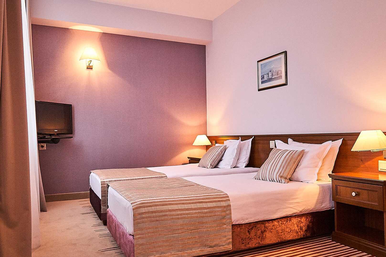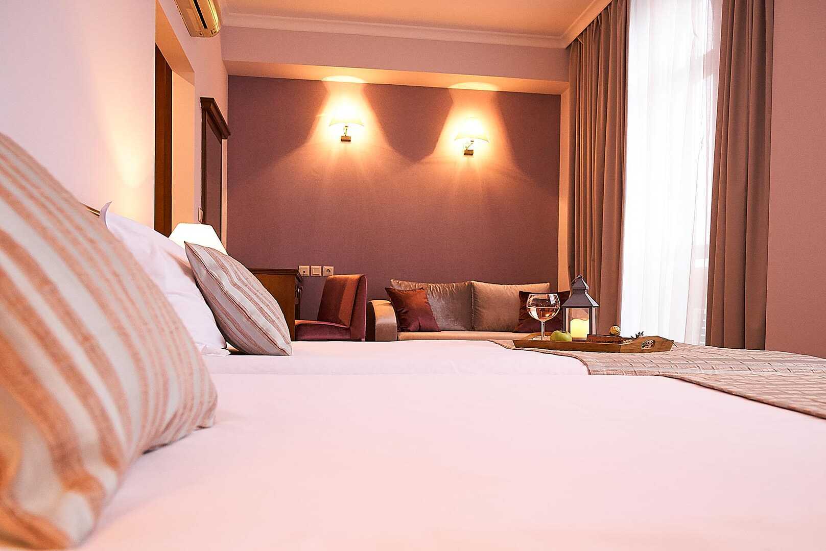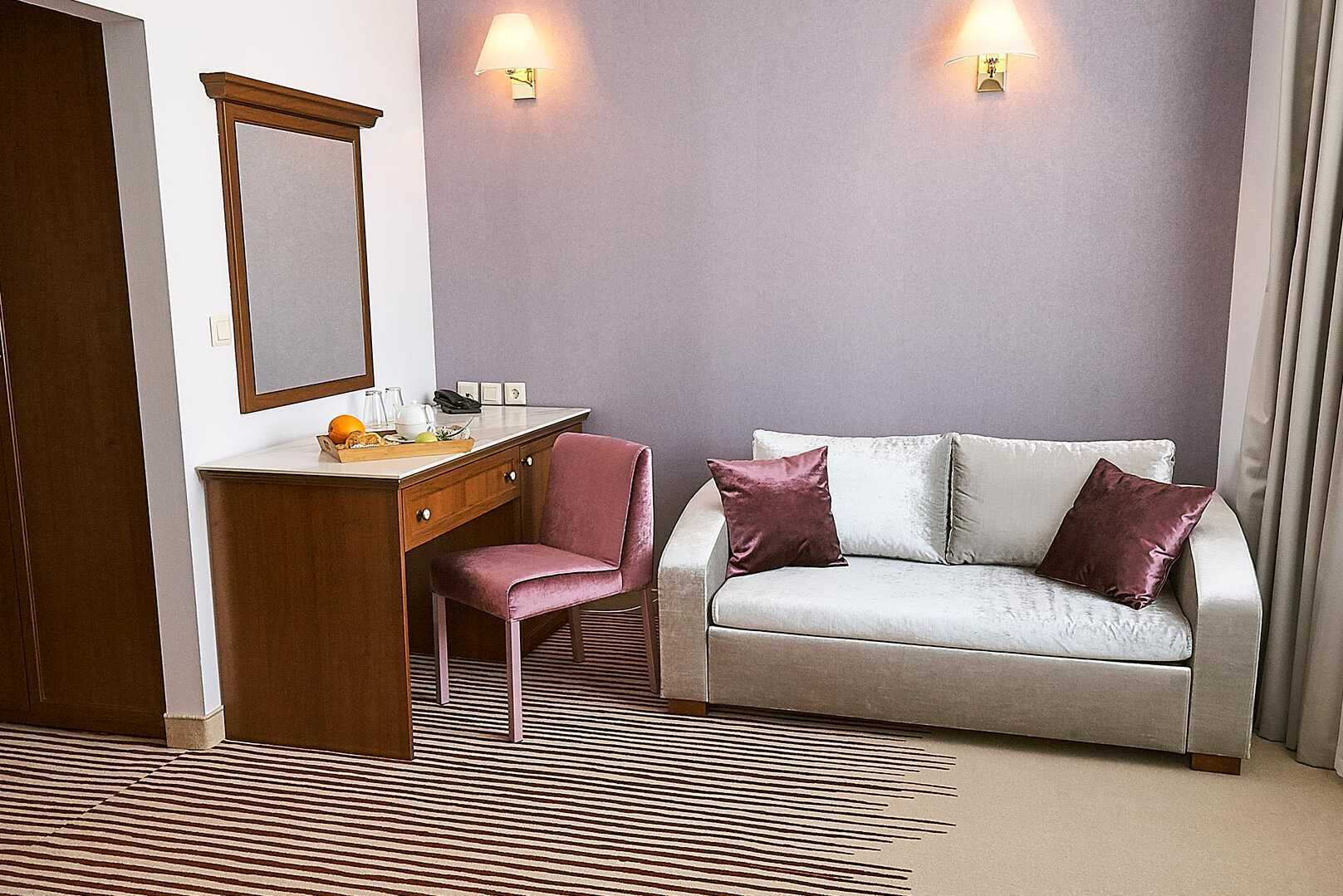Deluxerom uten uteplass. En dobbeltseng. Mulig med en ekstraseng i sovesofa. Wifi og luftkondisjonering til oppvarming er inkludert. Kjøleskap. TV. Vegg-til-vegg-teppe. Hårføner. Badekar eller dusj samt wc. Rengjøring 6 ggr/uke.
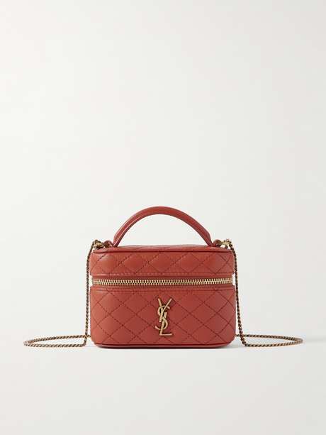 Like many of the designs in SAINT LAURENT's 'Gaby' collection, this micro bag is made from smooth quilted leather and embellished with its iconic gold-tone 'Cassandre' logo. It will accommodate all of your small essentials, including your keys, cards or earbuds. Carry it by the top handle or style it cross-body with the detachable chain strap.
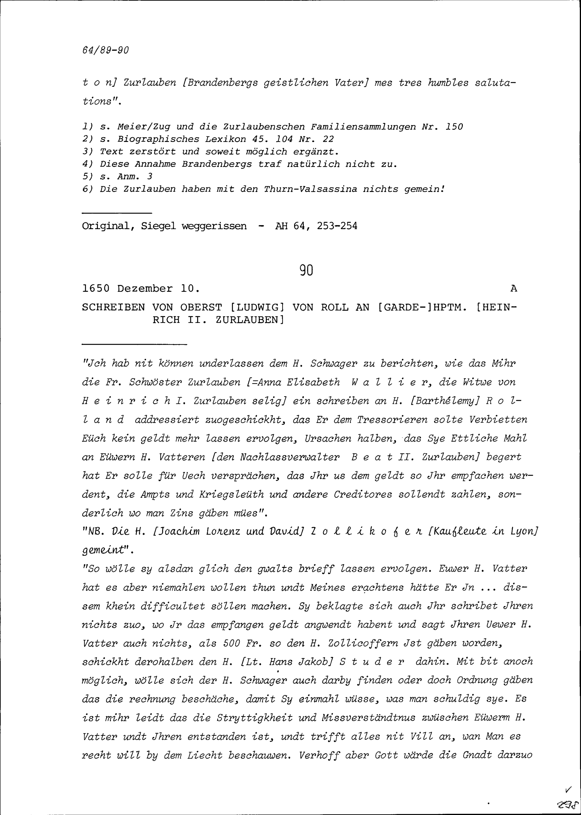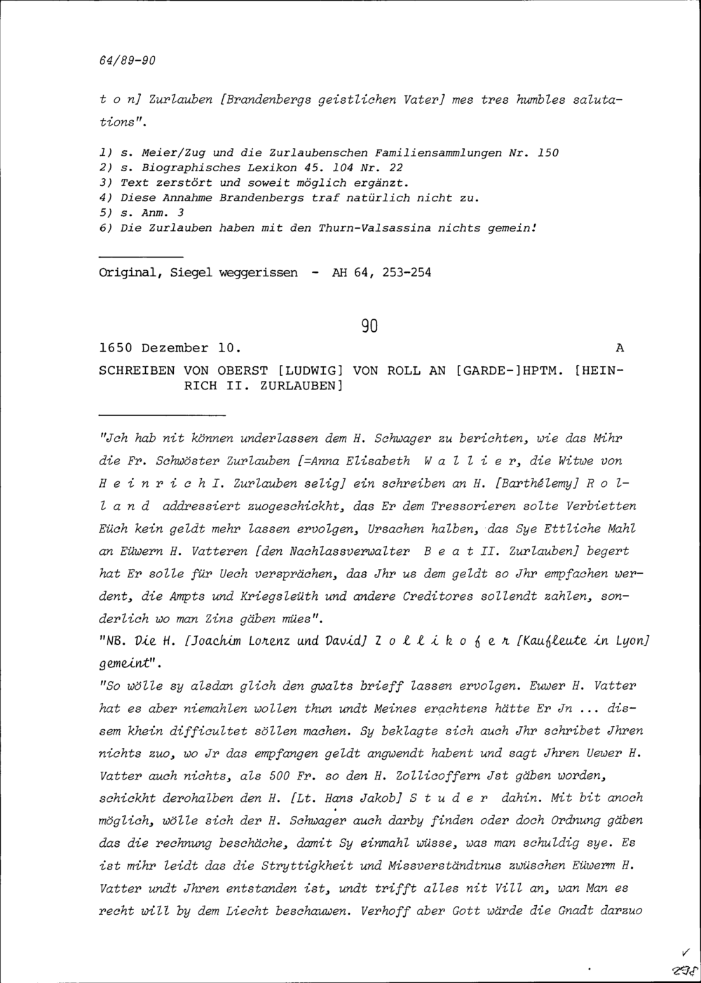 Schreiben von Ludwig von Roll, Oberst, an Heinrich II. Zurlauben, Gardehauptmann
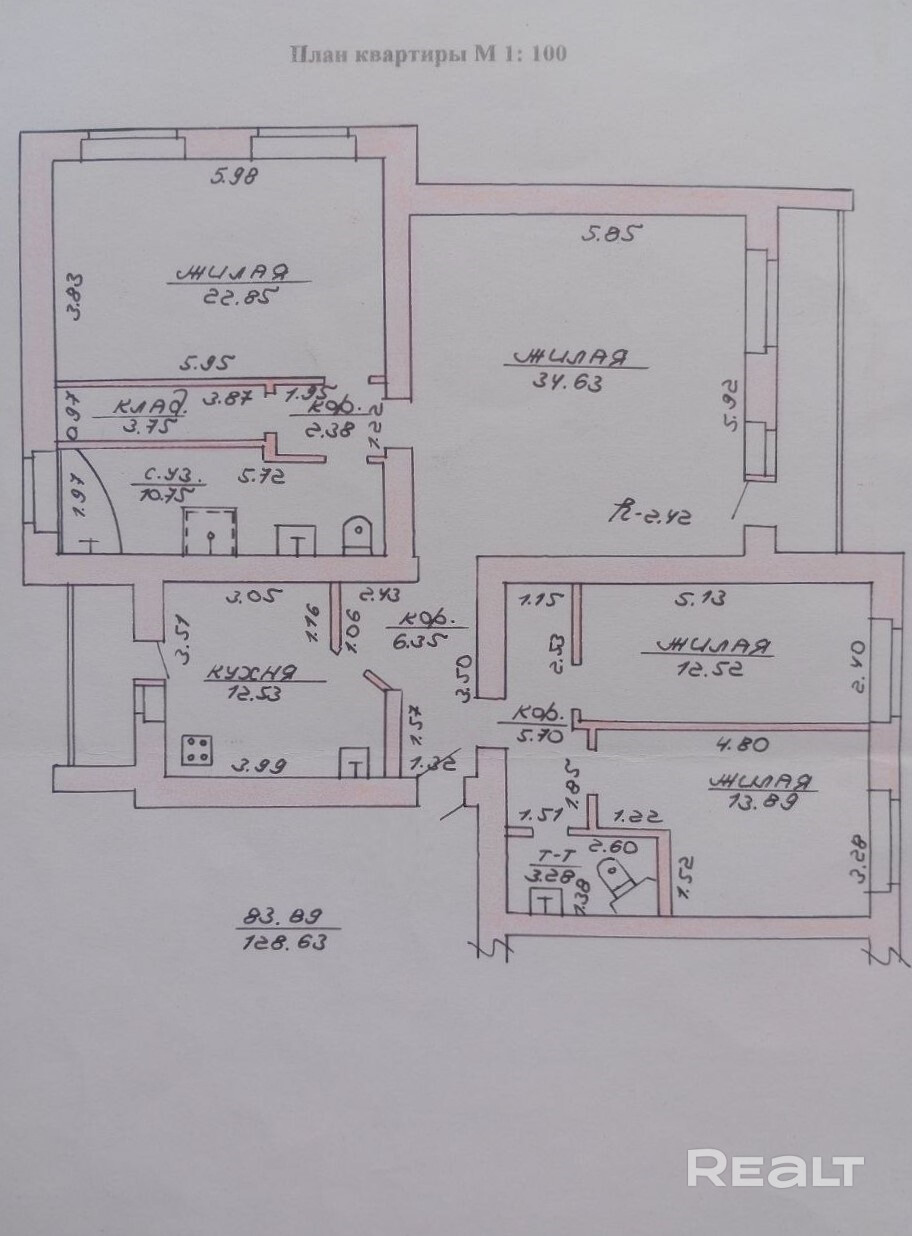 Общая площадь квартиры составляет 128,6 кв.м., жилая – 83,89 кв.м., кухня – 12,53 кв.м. В квартире два санузла. Есть две застекленные лоджии. Квартира в обычном, жилом состоянии. Дом находится в районе Медицинского университета, рядом остановки общественного транспорта, а также в шаговой доступности — парковая зона Витьба и центр города.
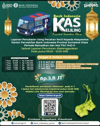Kemudian di 26 – 27 April 2022 layanan penukaran uang baru tersebut dapat dilakukan di halaman depan Gedung Heritage KPw BI Provinsi Sumut mulai pukul 09.00-12.00 WIB. Sedangkan pada 27 April 2022, layanan penukaran uang baru digelar di Komplek BI Jalan Elang, Kota Medan, Provinsi Sumatera Utara (Sumut) mulai pukul 09.00 – 12.00 WIB.
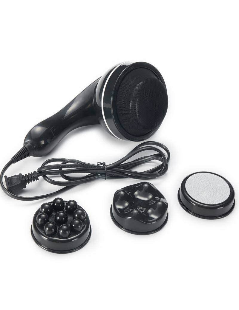 - 4 змінні насадки: для масажу різних частин тіла — живота, стегон, спини, рук і шиї.
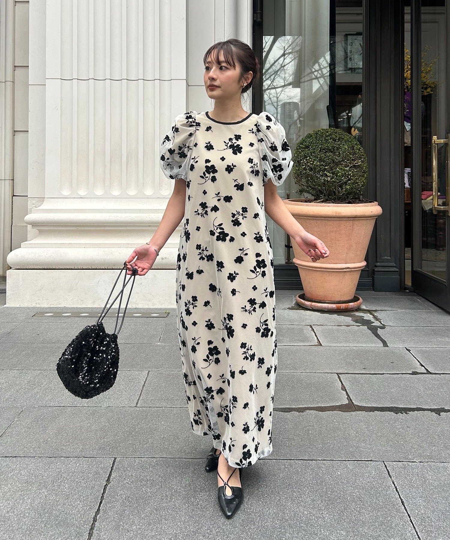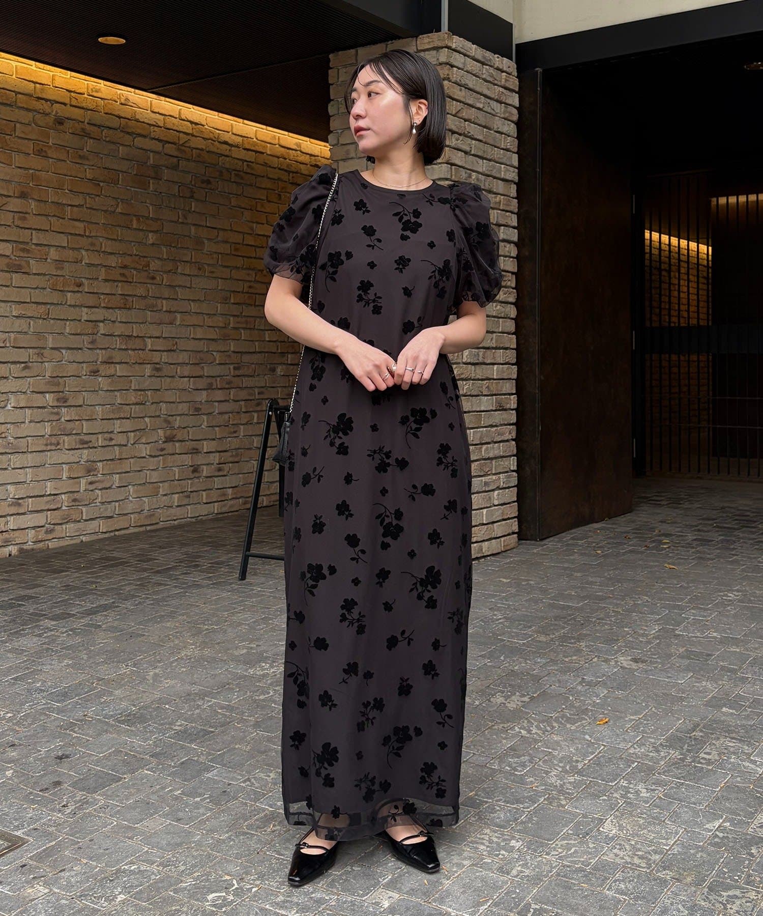 ブラックでも花柄とお袖のパフで可愛らしい印象に◎
■ ■ ■ ■ ■
An exact copy is needed of only the lines from the top of the material through the line with "Schreiben von Ludwig"; no pictures belong in it.

# [Written answer]
Deluxerom uten uteplass. En dobbeltseng. Mulig med en ekstraseng i sovesofa. Wifi og luftkondisjonering til oppvarming er inkludert. Kjøleskap. TV. Vegg-til-vegg-teppe. Hårføner. Badekar eller dusj samt wc. Rengjøring 6 ggr/uke.
 Like many of the designs in SAINT LAURENT's 'Gaby' collection, this micro bag is made from smooth quilted leather and embellished with its iconic gold-tone 'Cassandre' logo. It will accommodate all of your small essentials, including your keys, cards or earbuds. Carry it by the top handle or style it cross-body with the detachable chain strap.
 Schreiben von Ludwig von Roll, Oberst, an Heinrich II. Zurlauben, Gardehauptmann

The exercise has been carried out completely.